07 May 2026: Articles 
Caught in Transit: Mobile Right Atrial Thrombus in Intermediate-High-Risk Pulmonary Embolism Treated With Half-Dose Alteplase
Unusual clinical course, Challenging differential diagnosis, Diagnostic / therapeutic accidents, Management of emergency care, Rare disease, Educational Purpose (only if useful for a systematic review or synthesis)
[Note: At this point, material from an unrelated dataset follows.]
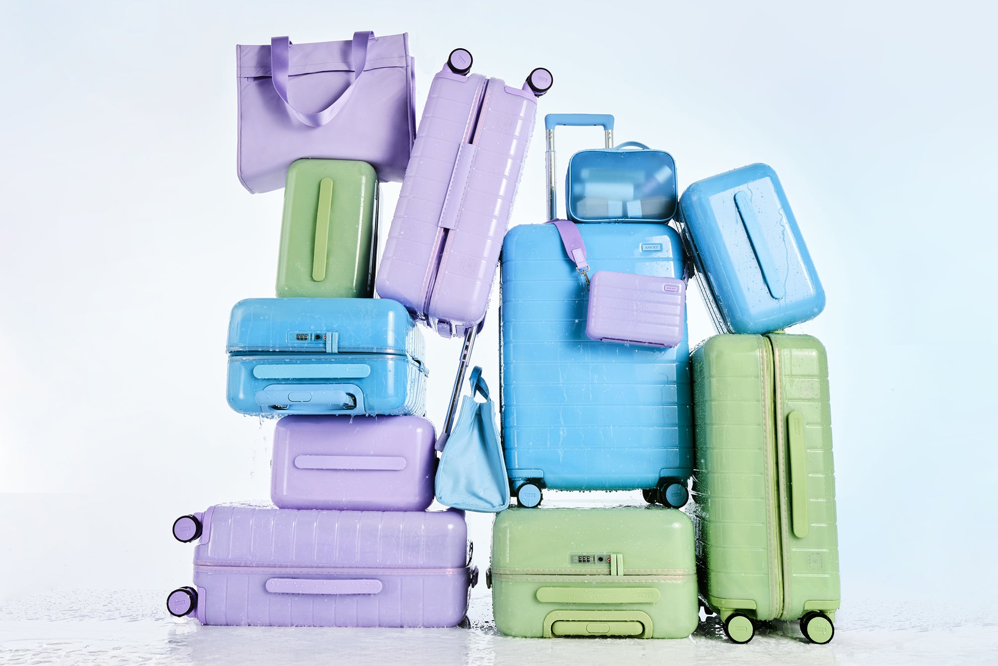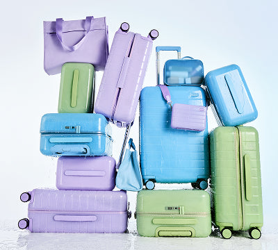 Three limited-edition hues, one glossy finish. These new suitcases, bags, and accessories are built to go, and designed to glow.

Wael Gomaa ABCDEF 1, Khaled Sewify ABCDEF 1*, Eslam Elsayed Abdelshafey ABCEF 1, Abdulaziz Alsaher D 1, Ragheb Elmessery CDEF 1, Fadah Alanazi CD 1, Adel Azmy D 2, Khalid Al Faraidy
D 2
DOI: 10.12659/AJCR.952646
Am J Case Rep 2026; 27:e952646
Abstract
BACKGROUND: Pulmonary embolism is associated with increased morbidity and mortality, yet the patient can sometimes look deceptively calm at the bedside. A normal blood pressure reading does not rule out a struggling right ventricle, and patients classified as intermediate-high-risk can deteriorate quickly. A mobile right-heart thrombus (clot-in-transit) adds another layer of urgency because embolization can be sudden and unpredictable.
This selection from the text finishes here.